目を開けてまず目に飛び込んでくるのは天井──のはずなのだが、寝起きの私が見たのは視界いっぱいに広がる魔人の顔だった。つまり超ドアップ。
「……うへぇぇえっ!?」
「情けない声をあげるな」
私の視界を占めたネウロが少し不快そうに顔をしかめる。多分私達の距離は五センチもないだろう。
「な、なな、何してんのっ」
「うーうー唸る珍獣を観察していただけだ。まさか起きる時にも奇声をあげるとは。寝ても覚めてもうるさいのだな貴様は」
「うーうーって……」
苦しんでる病人に対して珍獣呼ばわりもどうかと思うが、とにかく私は顔が近いことの方が気になった。
「も、もう観察はいいでしょ。いいからどいてよ」
「気分はどうだ」
「え。……えええええっ!?」
私は驚愕してネウロを見つめる。魔人の口から気遣いの言葉が出るなんて、私は夢でも見てるんだろうか。
「ネ、ネウロ……どっか悪いの? また風邪でもひいたとか?」
こっちは本気で心配しているというのに、理不尽にもいきなり頬をつねられた。
「いひゃいいひゃい!」
「質問しているのは我が輩だ。さっさと答えろ」
偉そうにあごをあげて人を見下す様は普段のネウロそのものだ。どうやら体調が悪いわけではないらしい。

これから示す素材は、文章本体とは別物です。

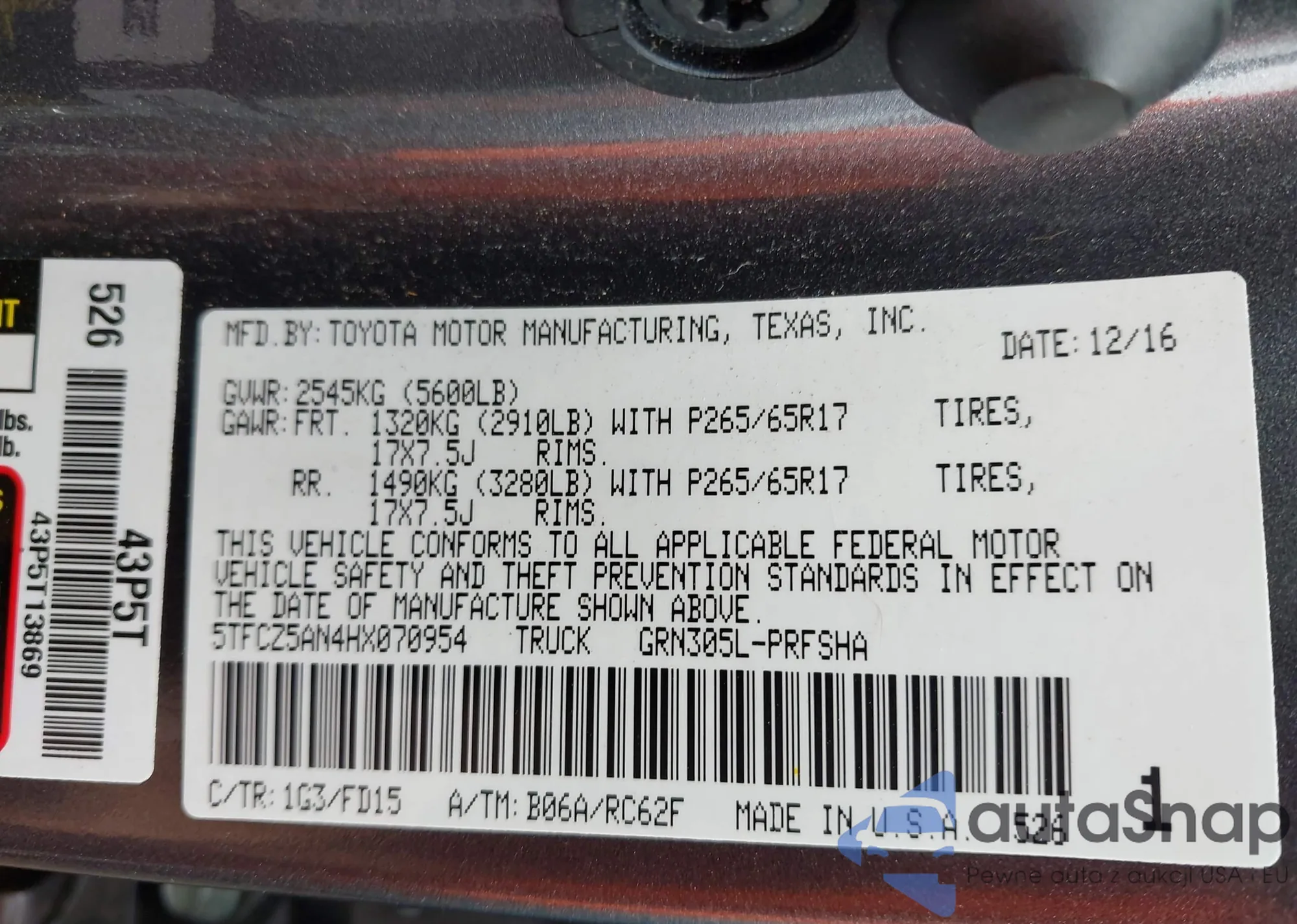 LOT: 43226718 VIN: 5TFCZ5AN4HX070954

「えーと。だるい、けどさっきほどでは無い……かな?」
うん。頭にかかっていたもやが晴れたみたいに、今はスッキリしてる。熱はどうだろう、と自分の額に手をあてるとそこにはさらりとした手触りの物が貼ってあった。
(……これって熱冷ましシート?)
まさか、と思ってネウロを見やると魔人は素知らぬ顔でリンゴを私の目の前にかかげた。
「喰え」
「……は?」
いつも以上にネウロの考えが読めない。いや普通に考えればこれは看病をしてくれているんだろうが、相手は嬉々として傷口に塩をぬりこむようなドS魔人だ。風邪をひいた奴隷なんていたら、喜んで冷水をかけてきそうなのに。
「なにか言いたそうだなヤコ?」
「うーんと……うん。なんでもない」
よくよく事務所を見渡してみれば潰れたリンゴや氷嚢用に用意したのであろう氷水、破れてジェルのはみ出たアイスノンなどが散乱している。魔人なりに頑張ってみたようだ。

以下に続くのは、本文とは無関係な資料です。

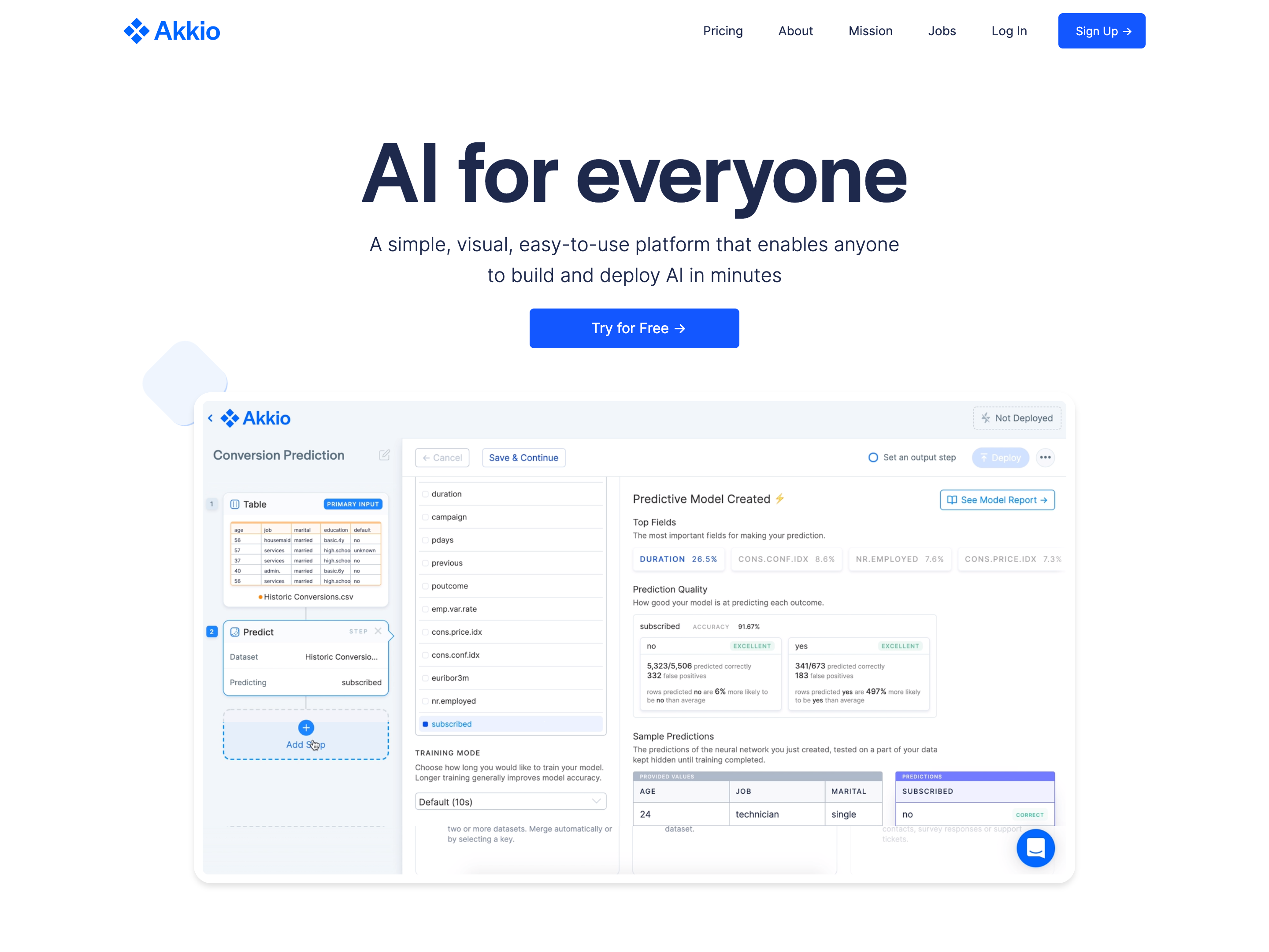 Akkio is a simple, visual, easy-to-use platform that enables anyone to leverage the power of AI in their business. Train and deploy AI models in under 5 minutes. No consultants. No software to install. No sales conversations. No AI experience needed. Try free and see how AI can help grow your business.

「リンゴを磨り下ろそうとしたらいとも容易く砕けたぞ」
「そりゃあんたの力じゃね……」
磨り下ろすどころか握り潰しちゃってるじゃない、と苦笑してゆっくりと身体を起こすと頭が急に揺れたためか、一瞬軽いめまいに襲われた。そのまま身体が前のめりに傾いでいく。
「あ……」
しかし私が倒れこむ前に革手袋をはめた手が伸びてきて私の身体は支えられた。
(うわ何コレなんで)
額のシート、差し出されたリンゴ、身体を支える腕。あまりにも現実離れした優しさに、なにもかもが夢のような気がしてしまう。
混乱する私とは対照的に、ネウロが淡々とした口調で語った。
「一応言っておくが、魔人の風邪が人間にうつるわけがなかろう。そもそも病原菌の種類が違う。貴様が我が輩の風邪に感染したら即座に死んでいるところだぞ」
(そ、そうなんだ……)
風邪の原因がネウロでないとしたら、先日わざと長時間外で買い物をしたのが一番の原因なんだろう。突き詰めるとネウロのせいとも言えるのだが、自分が勝手にとった行動の結果なので魔人を責めることはできない。
(まあ、もともと責める気なんてないけど)
「……ていうかそろそろ手離して」
「そういう事は自分の身体を支えられるようになってから言えイソギンチャク」
ネウロの腕はしっかりと身体にまわされたままだ。離すどころかむしろ若干キツくなってるような。
(うーん。この分じゃ……)
魔人の看病はまだ終わりそうにない。
fin.
──────────
弥子が病気になったらネウロは結構心配すると思う。